To assess the aggregate impact of data processing across the 9 data subsets, we conducted Genome Scan Meta-analysis (GSMA) [10] based on the NPL results. Following recommendations in [10] and [11], empirical p-values (one million replicates) were based on the observed square root weighted summed ranks of bin-maximum NPLs, using bin sizes of 25 cM. In order to align genetic positions across studies, we first projected the subset-specific NPL results onto the common reference map described above.

In order to conduct “apples to apples” comparisons, we included families that were retained through all processing steps in CAPS-Geno, but dropped 16 families too large for MERLIN to handle without trimming either before or after processing. We also included only families with at least two affected cases under both HGI-Pheno and CAPS-Pheno. This ensured identical sample sizes across all four data configurations, allowing us to assess data processing effects independently of confounding by changes in which families were included at various processing stages. (The one exception occurred in Study 3: 6 families listed with separate family IDs in HGI-Geno were joined pairwise in CAPS-Geno, for a net reduction of 3 families). Thus any impact of data regularization on results, as reported below, is due solely to changes made in this set of pedigrees, and not due to differences in sample sizes that would result if we were to base inclusion criteria on CAPS-Pheno rather than HGI-Pheno. Note that as a result, of the 1,534 original families (Table 1), only 1,020 are actually used for purposes of these comparisons. Table S1 (available online) gives HGI ID's for families used at each stage and annotates reasons for dropping families where applicable.


In what follows, we (i) detail the effects of data processing on the data themselves; (ii) illustrate the separate and combined effects of phenotype and genotype processing on linkage results in individual data subsets; and (iii) examine the overall effect of processing on meta-analyses of the entire HGI data set.

(i) Results of CAPS Data Regularization

During preliminary data handling, we resolved 1,052 discrepancies in family membership between the distribution files and the genotype files (individuals found only in one file or the other), 121 discrepancies in assigned parentage across the two sets of files, and 8 discrepancies in recorded sex. Duplicative marker aliases were resolved for 69 markers. We dropped 5 markers not found in any map database as well as a single custom marker that was redundant with a standard one. There were 14 changes in marker order going from HGI-Geno to CAPS-Geno.
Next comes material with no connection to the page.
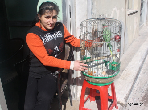 Η Έλενα Λάμπρου απέκτησε τον παπαγάλο της φωτογραφίας πριν από 3,5 χρόνια και από τότε προσπαθεί συνεχώς να τον μάθει να μιλάει, αλλά αυτός έχει αποδειχθεί ανεπίδεκτος μαθήσεως.

Processing of the genotype data for the initial 1,552 pedigrees resulted in the following actions. Seven markers were dropped due to HWE violations; 241 microsatellite markers were removed in all (with a range of 3 to 81 markers per data set; this left a range of 373 to 395 markers per data set), and genotypes for 46 individuals were zeroed out due to excess missingness. As a result of relationship checking, 5 families were removed and 36 corrections were made to the pedigree structures, including removal of 14 monozygotic twins and 13 other family members. In addition, 10 families were dropped due to excess Mendel errors, and 3 extended pedigrees were reconstituted from 6 separate family IDs (as noted above). There were 52 discrepancies between recorded sex and X-chromosome genotypes, of which only 4 cases were verifiable by genotyped mate and offspring. Estimation of the marker positions and allele frequencies resulted in numerous adjustments from HGI-Geno. Following these steps, there were a total of 1,534 pedigrees.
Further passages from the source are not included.